Congratulations you just have a very expensive simulation of a Baysian function (ish, close enough that one should get the point).

tomrod•4h ago
Or Minsky's Society of Minds, Dennets Multiple Drafts, Gazzaniga's Social Brain, etc.
esafak•24m ago
&^ Everything, We're Doing Five Models.
gnulinux•4h ago
I'm curious if this would also improve small local models. E.g. if I "alloy" Qwen3-8B and OpenThinker-7B is it going to be "better" than each models? I'll try testing this in my M1 Pro.
ls-a•4h ago
If you do please report back
hobofan•1h ago
Would it really matter? Normally you use those small local models because you don't have the memory to spare for a larger model, so the real question would be: Is an alloy of Qwen3-8B and OpenThinker-7B better than a Qwen3-15B?
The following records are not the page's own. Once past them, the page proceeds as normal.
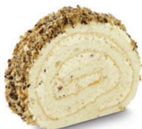
7290 | Ořechová roláda | 40 g
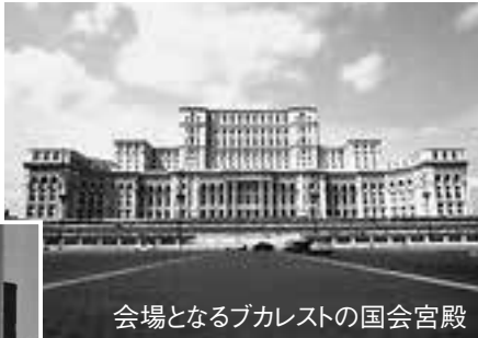
会場となるブカレストの国会宮殿

7月はいよいよラムサール条約湿地登録の月。上旬の第11回締約国会議(COP11)での登録認定を経て、下旬には啓発週間「ラムサールWEEK」でさまざまな行事を実施します。ぜひ、参加してください。 《問合せ》コウノトリ共生課 ☎ 21-9017
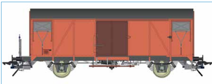
Gms 54 Gedeckter Güterwagen mit Bremserbühne, DB - Art. Nr. 42235-01
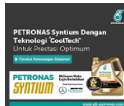
( http://www.pli-petronas.com )
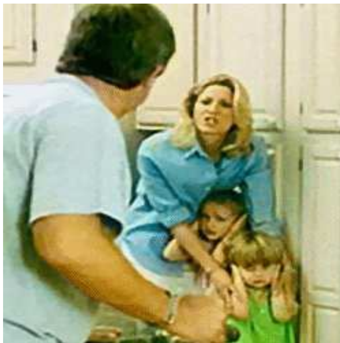
Figura 5 – Ilustração: Falta de Estrutura Familiar

Beyond a certain smallness threshold it might also work to constantly swap in the models in and out of memory, but doubt that's a great experience to build on top of.

Incipient•1h ago
Haha every question involves multiple writes of 10gb to the disk. I think the cost of new SSDs would be less than getting more memory in the even short term.
hobofan•44m ago
Were you replying to the right comment? (Though I also don't see another comment where what your are saying makes sense)
Flux159•4h ago
From the article it mentions that they use a single chat thread but randomly choose between 2 different models (w/ best results from Gemini 2.5 / Sonnet 4.0 right now).

Are there any library helpers for managing this with tool call support or is it just closed source / dependent on someone else to make open source inside a different library?

tptacek•4h ago
It should be pretty simple to do, right? It shouldn't be that hard to abstract out tool calls.
refulgentis•4h ago
Its a godforsaken nightmare.

There's a lotta potemkin villages, particularly in Google land. Gemini needed highly specific handholding. It's mostly cleared up now.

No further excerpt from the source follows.